Harris v. Clarissa, 6
Yerger's Ten.R. 243. He had had her in possession twelve years, and
had title by the act of limitations of six years, as to other
contestants who might set up claim to her as a slave. She can rely
on his title as if he had manumitted her; the record has this
effect. It stands on the footing that a recorded deed of
manumission to her from Naylor would stand, or that a recorded bill
of sale from him to a purchaser would stand. In either case, the
title paper could be given in evidence to prove the title, and the
title thus acquired must be deemed valid until someone else legally
establishes a better.
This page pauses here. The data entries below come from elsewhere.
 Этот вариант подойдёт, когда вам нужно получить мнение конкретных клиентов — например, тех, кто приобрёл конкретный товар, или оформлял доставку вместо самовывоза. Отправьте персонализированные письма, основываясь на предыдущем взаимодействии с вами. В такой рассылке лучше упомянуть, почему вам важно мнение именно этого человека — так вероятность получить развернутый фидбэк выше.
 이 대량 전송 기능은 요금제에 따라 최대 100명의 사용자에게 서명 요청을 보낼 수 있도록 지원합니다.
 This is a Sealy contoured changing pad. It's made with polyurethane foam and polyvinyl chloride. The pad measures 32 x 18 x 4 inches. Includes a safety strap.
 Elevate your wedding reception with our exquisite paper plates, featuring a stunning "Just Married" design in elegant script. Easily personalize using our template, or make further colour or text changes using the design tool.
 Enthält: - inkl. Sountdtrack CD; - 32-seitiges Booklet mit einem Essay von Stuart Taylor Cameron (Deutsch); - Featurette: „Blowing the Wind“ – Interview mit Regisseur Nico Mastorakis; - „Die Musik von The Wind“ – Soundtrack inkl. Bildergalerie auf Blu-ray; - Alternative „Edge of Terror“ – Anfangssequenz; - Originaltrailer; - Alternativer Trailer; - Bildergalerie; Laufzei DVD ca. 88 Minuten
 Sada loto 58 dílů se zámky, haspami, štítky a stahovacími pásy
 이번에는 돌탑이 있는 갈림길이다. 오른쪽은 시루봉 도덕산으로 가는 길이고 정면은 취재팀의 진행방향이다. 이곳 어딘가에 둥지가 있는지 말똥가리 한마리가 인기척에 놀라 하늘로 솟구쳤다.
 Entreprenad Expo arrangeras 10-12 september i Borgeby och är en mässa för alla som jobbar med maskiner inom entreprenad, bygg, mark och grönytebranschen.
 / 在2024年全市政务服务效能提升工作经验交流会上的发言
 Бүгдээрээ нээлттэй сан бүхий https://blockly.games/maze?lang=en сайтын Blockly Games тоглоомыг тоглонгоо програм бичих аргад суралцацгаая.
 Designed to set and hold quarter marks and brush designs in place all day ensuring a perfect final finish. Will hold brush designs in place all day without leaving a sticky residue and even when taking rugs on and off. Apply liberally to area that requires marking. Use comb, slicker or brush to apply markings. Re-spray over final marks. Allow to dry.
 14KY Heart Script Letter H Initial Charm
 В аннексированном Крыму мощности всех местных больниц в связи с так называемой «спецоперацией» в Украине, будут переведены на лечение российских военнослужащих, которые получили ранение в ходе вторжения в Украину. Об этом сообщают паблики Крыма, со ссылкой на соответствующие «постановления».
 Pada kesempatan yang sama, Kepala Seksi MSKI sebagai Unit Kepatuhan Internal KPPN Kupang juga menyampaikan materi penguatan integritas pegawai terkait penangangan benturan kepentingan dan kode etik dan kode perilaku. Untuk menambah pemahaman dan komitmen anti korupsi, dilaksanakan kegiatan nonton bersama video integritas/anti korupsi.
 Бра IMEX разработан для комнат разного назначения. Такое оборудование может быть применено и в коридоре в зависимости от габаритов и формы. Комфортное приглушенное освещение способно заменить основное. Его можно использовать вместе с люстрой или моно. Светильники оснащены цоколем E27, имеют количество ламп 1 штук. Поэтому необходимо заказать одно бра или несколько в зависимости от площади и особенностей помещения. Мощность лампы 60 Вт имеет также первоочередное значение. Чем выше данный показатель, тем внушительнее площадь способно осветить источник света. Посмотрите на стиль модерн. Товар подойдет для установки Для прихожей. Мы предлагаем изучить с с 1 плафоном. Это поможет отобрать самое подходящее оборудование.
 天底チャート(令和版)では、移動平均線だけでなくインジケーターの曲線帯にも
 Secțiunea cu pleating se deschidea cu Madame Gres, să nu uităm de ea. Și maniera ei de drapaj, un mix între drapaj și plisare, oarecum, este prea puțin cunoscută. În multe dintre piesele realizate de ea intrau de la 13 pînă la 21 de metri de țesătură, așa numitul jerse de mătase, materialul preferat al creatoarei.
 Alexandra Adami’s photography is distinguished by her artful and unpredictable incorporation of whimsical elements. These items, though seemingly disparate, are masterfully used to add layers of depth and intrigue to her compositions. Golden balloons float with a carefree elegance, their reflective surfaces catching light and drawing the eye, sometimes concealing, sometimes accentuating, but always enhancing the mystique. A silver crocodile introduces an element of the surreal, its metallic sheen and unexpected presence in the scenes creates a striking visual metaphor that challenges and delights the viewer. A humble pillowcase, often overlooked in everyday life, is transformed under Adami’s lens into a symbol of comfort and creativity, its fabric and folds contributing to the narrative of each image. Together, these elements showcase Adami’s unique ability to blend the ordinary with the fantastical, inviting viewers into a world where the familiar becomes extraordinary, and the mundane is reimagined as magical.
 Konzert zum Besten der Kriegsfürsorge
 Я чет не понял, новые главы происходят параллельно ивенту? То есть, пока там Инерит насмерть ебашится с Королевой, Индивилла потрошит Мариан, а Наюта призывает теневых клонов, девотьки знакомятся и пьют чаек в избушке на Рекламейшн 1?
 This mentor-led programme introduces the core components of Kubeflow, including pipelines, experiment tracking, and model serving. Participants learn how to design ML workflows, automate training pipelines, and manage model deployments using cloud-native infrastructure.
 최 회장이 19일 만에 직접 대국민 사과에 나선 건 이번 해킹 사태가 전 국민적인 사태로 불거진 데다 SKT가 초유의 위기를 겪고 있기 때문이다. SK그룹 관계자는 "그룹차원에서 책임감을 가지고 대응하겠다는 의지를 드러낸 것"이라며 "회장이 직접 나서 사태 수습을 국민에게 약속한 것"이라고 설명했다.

This record evidence may be used in any suit
by a third person where the evidence is pertinent, of which the
court must judge from facts and circumstances appearing on the
trial, and to this effect are the adjudications of the state courts
generally.
Pegram v. Isabell, in Virginia, 2 Hen. & M.
210;
Alexander v. Stokely, 7 Sergt.
Page 65 U. S. 214
& R. 290, in Pennsylvania;
Vaughan v. Phebe, Martin
& Y. 6, in Tennessee;
Chancellor v. Milton, 2 B.Monroe
25, in Kentucky. In Maryland, no decision is found on the
subject.
In the next place, the record operates on the status of the
person; it sets him free or pronounces him a slave, and binds him
by the verdict either way.
Shelton v. Barbour, 2 Wash.Va.
82.
In some of the states, the suit may be in equity and the status
of freedom be established by a decree.
Fisher's Negroes v.
Dobbs, 6 Yerg. 119;
Reuben v. Paraish, 6 Humphrey
122.
It is ordered that the judgment of the circuit court be
reversed and the cause remanded for another trial.